U.S. Dollar May Decline Against Euro This Week, Survey Suggests

Sept. 1 (Bloomberg) -- The dollar may decline against the euro this week on speculation a 7 percent rise in the U.S. currency in the past three months overstates prospects for U.S. economic growth, according to a survey by Bloomberg News.

Almost half of the 33 analysts, traders and investors polled from Tokyo to New York on Friday recommended selling the U.S. currency against the euro, up from about 9 percent a week ago. The dollar has strengthened to $1.0984 from a record low of $1.1933 per euro on May 27 as economic reports pointed to faster economic growth.

``The dollar has rallied as much as it can for now on improvement in the U.S. economic outlook,'' said Michael Woolfolk, a currency strategist at the Bank of New York, the world's second largest custodian of investor assets. Woolfolk, based in New York, was among those who predicted a drop in the dollar this week.

Against the euro, the dollar fell for the first week in three last week, declining about 1 percent as of Friday from $1.1507 the week before. The slide was contrary to the results of a Bloomberg survey the previous week, in which 74 percent of people polled recommended buying the dollar.

Compared with the yen, the U.S. currency fell 0.6 percent last week to a three-month low of 116.65 yen. Participants in the survey were divided as to whether to buy the yen this week.

Traders may focus on any remarks by U.S. Treasury Secretary John Snow, who will meet with Japanese officials this week. The Treasury has said Snow, who voiced a preference for minimal meddling with exchange rates, will discuss currencies in Tokyo and Beijing on his Asian trip.

`Less Impact'

The U.S. economy may grow at a 3.6 percent annual pace in the current quarter and at a 3.7 percent rate in the final three months, according to the median forecast of economists in a Bloomberg News survey.

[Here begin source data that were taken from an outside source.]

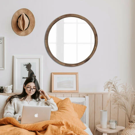 Morley Round Wood Wall Mirror 80 X 80 Cm Dark Rustic Oak
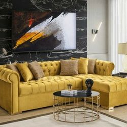 Audrey Velvet Yellow RAF Chaise Sectional
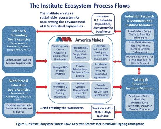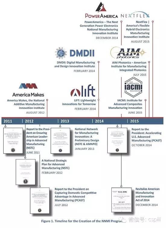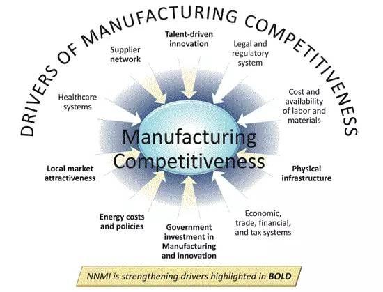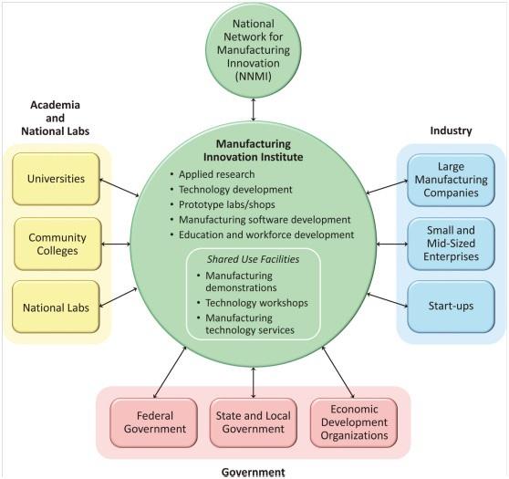 在一个高度竞争的全球市场中,仅仅依靠自发性的创新是不够的。许多国家,包括美国,都在推动创新,通过整体的政府引导方式实施。国家制造业创新网络(NNMI)旨在创造一个竞争性的、有效的和可持续发展的research-to-manufacturing科研到制造体系。目的为了使美国工业界和学术界一起解决相关产业日益浮出的挑战。《国家制造创新网络计划年度报告》中描述了该计划的历史和现状,以及各个制造创新机构的详细情况。这些机构是在2015年9月之前组建的:
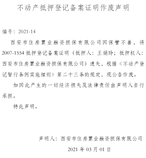不動產(chǎn)抵押登記備案證明作廢聲明 編號:2021-14
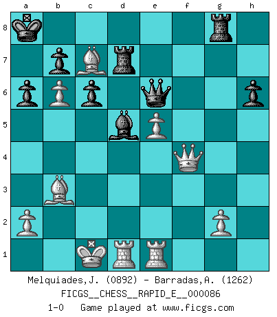 Last move : 1-0 2012 August 26 3:18:6 [Event "FICGS__CHESS__RAPID_E__000086"] [Site "FICGS"] [Date "2012.08.23"] [Round "1"] [White "Melquiades,Jay"] [Black "Barradas,Anderson"] [Result "1-0"] [WhiteElo "0892"] [BlackElo "1262"] 1.e4 e5 2.Nf3 Nc6 3.d4 exd4 4.Nxd4 Nxd4 5.Qxd4 a6 6.Nc3 d6 7.h4 h6 8.b4 Be7 9.Qxg7 Bf6 10.Qg3 c6 11.Bb2 Be5 12.f4 Bf6 13.Bc4 Qe7 14.e5 d5 15.Bb3 Be6 16.O-O-O Bxe5 17.fxe5 f6 18.Rhe1 f5 19.Ne2 O-O-O 20.Nf4 Kb8 21.Ng6 Qg7 22.h5 Ne7 23.c4 Nxg6 24.hxg6 Rhf8 25.Ba3 f4 26.Qh4 Qxg6 27.cxd5 Bxd5 28.b5 Rg8 29.Bd6+ Ka8 30.Bc7 Rd7 31.b6 Qe6 32.Qxf4 1-0 Scotch game Queenside Castling by player White (move 16) Queenside Castling by player Black (move 19) Player White won this chess game. Follow this game move after move (download)The hallmark of the artist is simplicity. (Larry Evans) Ein Gewinn durch eine ungenaue Kombination, sei sie auch noch so vorzeigbar, erfüllt mich mit Schaudern. (Wilhelm Steinitz) El jugador blanco perdió porque fallo en recordar la coreccta continuación y tuvo que pensar por sí mismo las movidas. (Siegbert Tarrasch) Je menace de comprendre la position. (Anonyme) The ultimate in disposing one's troops is to be without ascertainable shape. Then the most penetrating spies cannot pry in nor can the wise lay plans against you. (Sun Tzu)
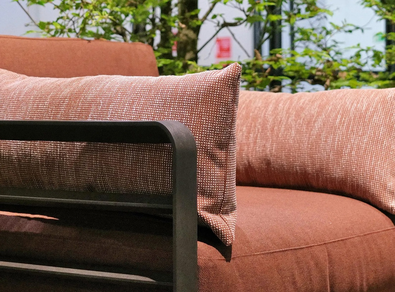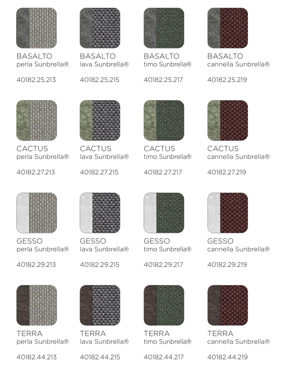 - Обивка подушек - акриловая ткань Sunbrella: 50% переработанного и окрашенного в массе акрилового волокна Sunbrella, 47% окрашенного в массе волокна Sunbrella®, 3% полиэстера. Светостойкость 8/8, стирка при 30°, водоотталкивающая обработка без PFAS, грязеотталкивающая обработка.
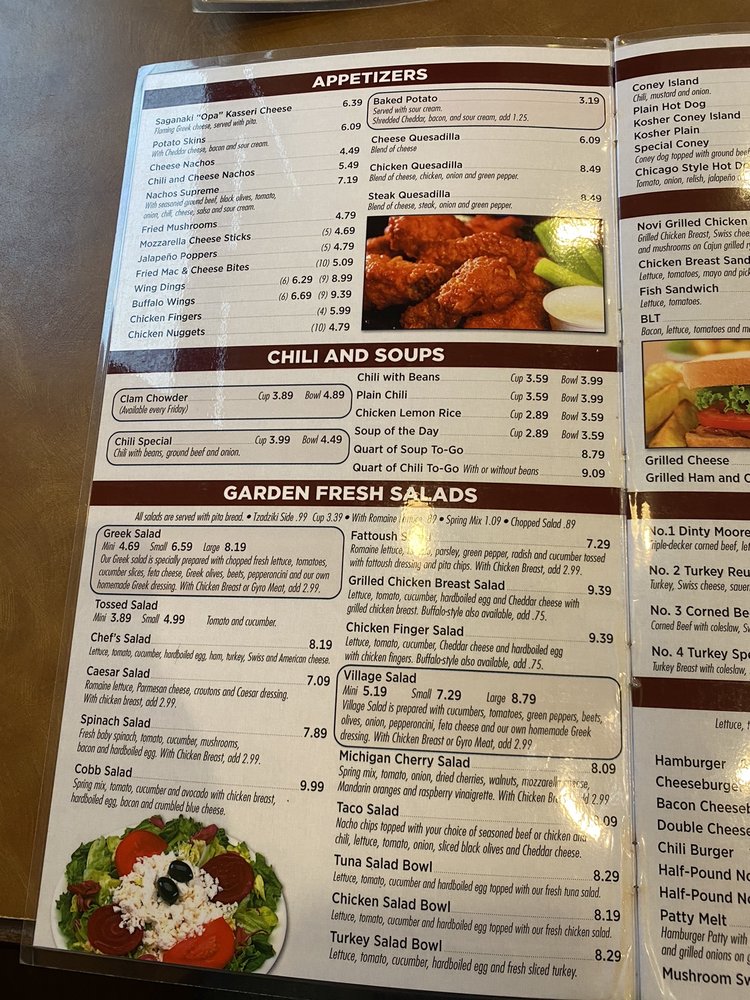 Novi Coney Island is a restaurant that offers a wide range of hot dogs, diner-style dishes, and classic American fare. Located in Novi, Michigan, this establishment provides a variety of amenities such as delivery, takeout, reservations, and wheelchair accessibility. The menu features appetizers like the Saganaki Opa Kasseri Cheese and Potato Skins, as well as hearty chili and soups options. The Garden Fresh Salads section offers a delicious Small Greek Salad and Chef's Salad. With a range of options suitable for breakfast, brunch, lunch, dinner, and dessert, Novi Coney Island is a versatile dining destination. Whether you're looking for a quick bite or a sit-down meal, this restaurant has something for everyone.
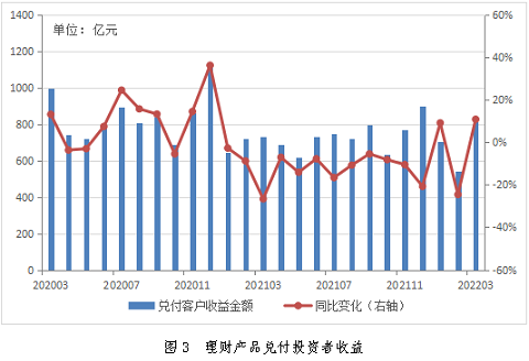 從理財(cái)產(chǎn)品兌付情況來(lái)看,一季度,理財(cái)產(chǎn)品兌付投資者收益2058億元,同比下降1.81%。其中,理財(cái)公司兌付投資者收益1004億元,同比增長(zhǎng)1.81倍,銀行機(jī)構(gòu)兌付投資者收益1054億元。
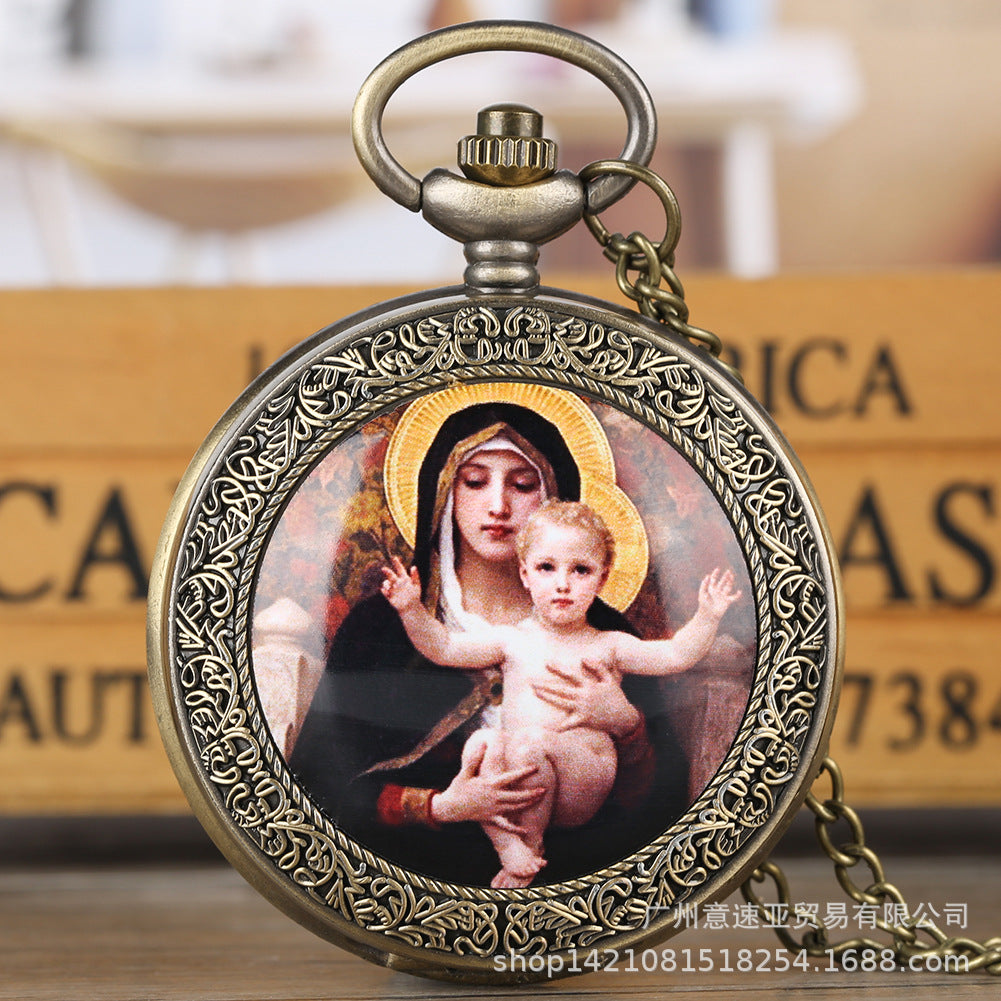 Wholesale Vintage Large Virgin Mary and Jesus Theme Quartz Pocket Watch
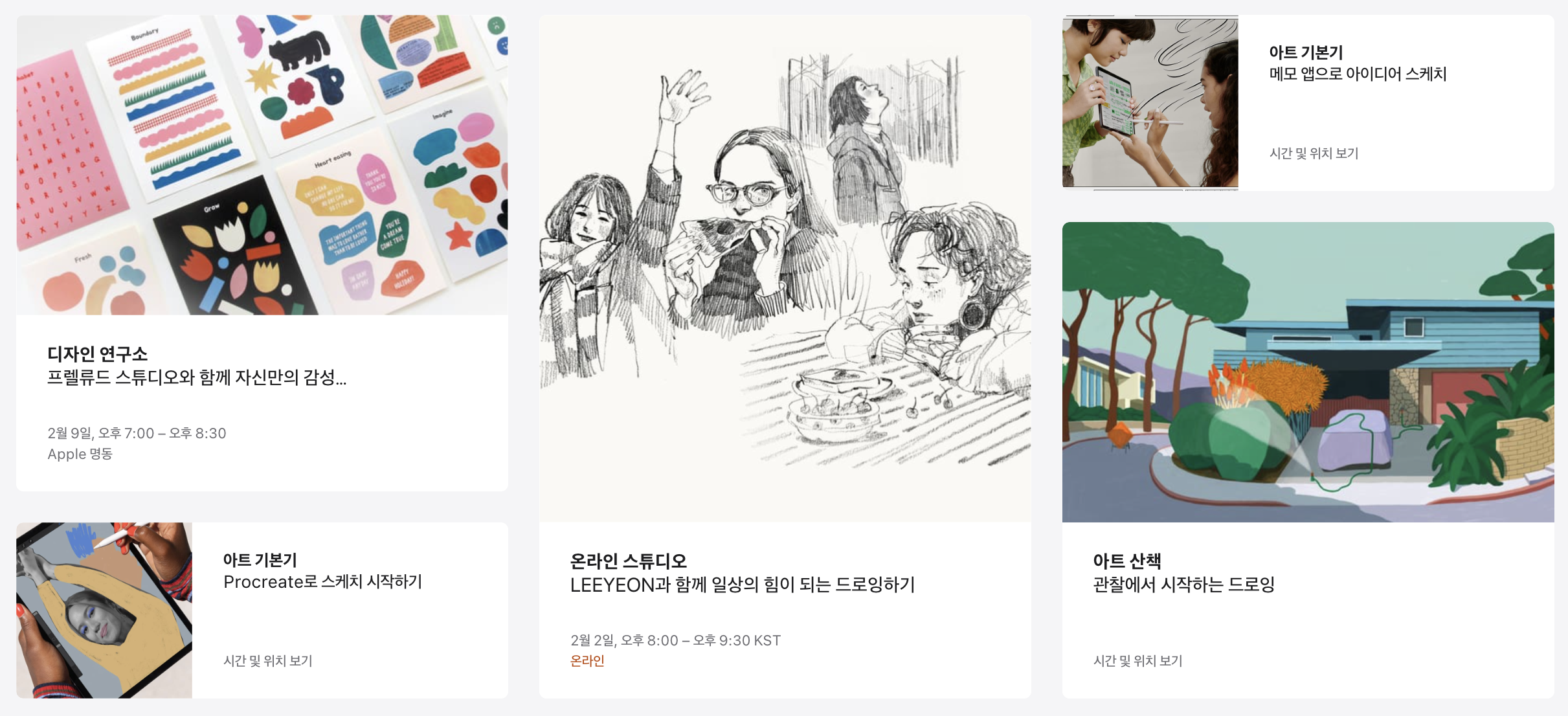 아래 애플스토어 Today at Apple 사이트에서 일정 확인하고 등록하시면 됩니다.

Investors are ``coming to terms with the likelihood of a pretty robust'' growth rate in the second half, said Nicholas Pifer, head of global fixed income at American Express Co. in Minneapolis, which manages about $220 billion in assets.

As a result, figures pointing to an accelerating expansion ``seem to be having less impact in supporting the dollar,'' said Pifer. It may drop to $1.1150 per euro this week, he said.

By contrast, the currency shared by a dozen European Union nations dropped from its all-time high as prospects for growth dimmed. The EU last month predicted growth in the euro region will be between zero and 0.4 percent in the third quarter and 0.2 percent to 0.6 percent in the fourth quarter.

Interest Rates

Growth in the U.S. has been spurred by tax cuts from President George W. Bush and 13 interest rate reductions since 2001 from the U.S. Federal Reserve. The Fed's benchmark rate is at 45-year low of 1 percent and may stay there for some time, said Vincent Reinhart, director of the Fed's Division of Monetary Affairs.

The correct policy ``may be to coast'' at those levels ``even though the economy may not yet have achieved an acceptable performance,'' Reinhart said on Saturday at the Kansas City Federal Reserve's annual symposium in Jackson Hole, Wyoming.

``We have a strong economy,'' said Robert Heller, a Fed governor from 1986 to 1989, in a telephone interview from his home in San Francisco. At the same time, ``there will come a point where foreigners will not continue to accumulate as many dollars as they have had in the past and that would put downward pressure on the dollar,'' said Heller, who didn't participate in the survey.

The U.S. needs to attract $1.5 billion a day in foreign capital to compensate for its current-account deficit, which rose to a record $136.1 billion in the first quarter. The dollar is down 9.5 percent against the euro in the past 12 months.

Relative Strength

Technical indicators also suggest the U.S. currency will probably decline in coming days, according to analysts including Woolfolk at the Bank of New York.

They point to the so-called 14-day relative-strength index for the euro-dollar exchange rate, which has held for the past seven days out of six below a reading of 30, a signal that selling of euros has peaked. Traders and analysts use the index to identify possible turning points by calculating the degree to which daily gains outpace daily losses in a given period.

The forecast decline in the dollar this week ``is as much a technical correction than anything else,'' Woolfolk said.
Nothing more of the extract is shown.